I agree, I've bemoaned this abstraction and how it mollifies users into not truly understanding how to use their devices and accepting somebody else's -- often paid -- solutions. Though that's fine for many folks who want the convenience computers can provide without needing to use a computer, like my grandparents, so it's a bit of "aging person yelling at the clouds." And some do earnestly simplify the process while not interfering with the filesystem way of working, like my server stack.
I feel this and it's how I use things for the most part. A lot of text is in text files and sublime text as my editor. Photos and music and all that type of thing are just files in folders that I access directly and then toss into a program of choice when necessary. I don't really use "organizational" tools as much at all anymore.
Notes are maybe a slight exception to the rule- in that I use Joplin (and WebDAV for syncing it)- but I chose it specifically because it uses folders instead of tags (which I really do not like in my notes apps- I don't like the "all" views, etc - it breaks the organization paradigm I like in a way that my brain actively hates), so it mimics how it would work on a desktop. Having it all in one app on mobile and easily accessible is useful though, so its why I do it that way.

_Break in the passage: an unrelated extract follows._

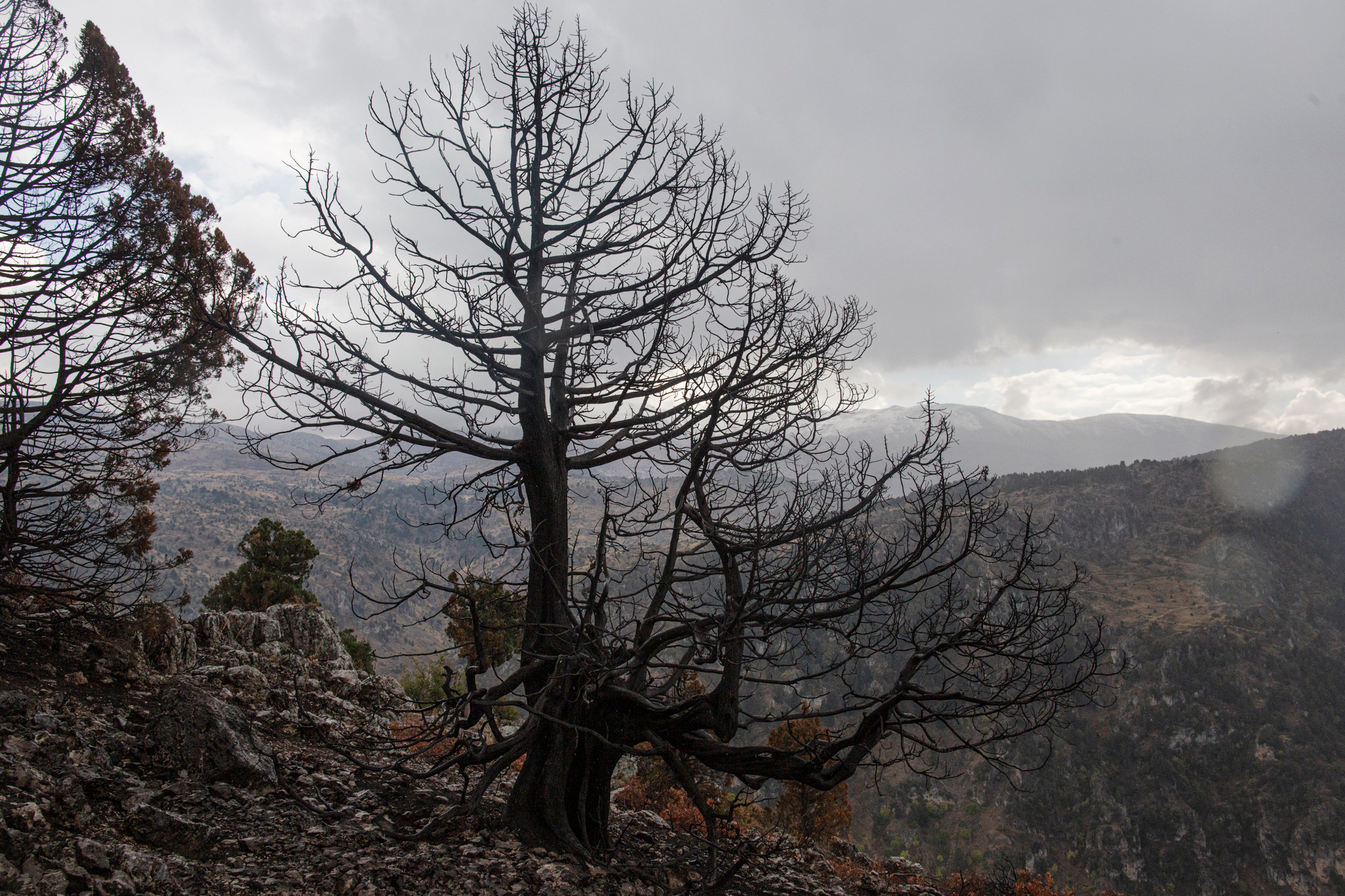 (Photo: A cedar tree that burned in a recent wildfire, in the Mishmish forest, Akkar, Lebanon - Sam Tarling for NPR)

However, it's really only for notes that I want to have in multiple places and synced. I still use text files all the time for device-local notes.
I strongly overall prefer the simplicity approach. Files in folders, especially files that are easily readable and accessible on any device without extra software. Plain text where possible. Not proprietary formats and such. I don't hate the idea of markdown and markdown notes systems because at the end of the day its plaintext underneath, but sometimes it feels like an unnecessarily layer of complexity on top and so on
Same for me, pretty much – "files in folders" is a great way to put the mantra.
The only thing I do miss sometimes is the Photos (in my case iOS, but I'm assuming most have this) app's "map" feature, where you can search over the entire library by location, interactively. Sometimes the date (which I usually sort my folders by) is not as relevant, for example if you want to show a "best of" a given location, or the changes it has seen over the years, or even when you know where a photo was taken, but not quite when.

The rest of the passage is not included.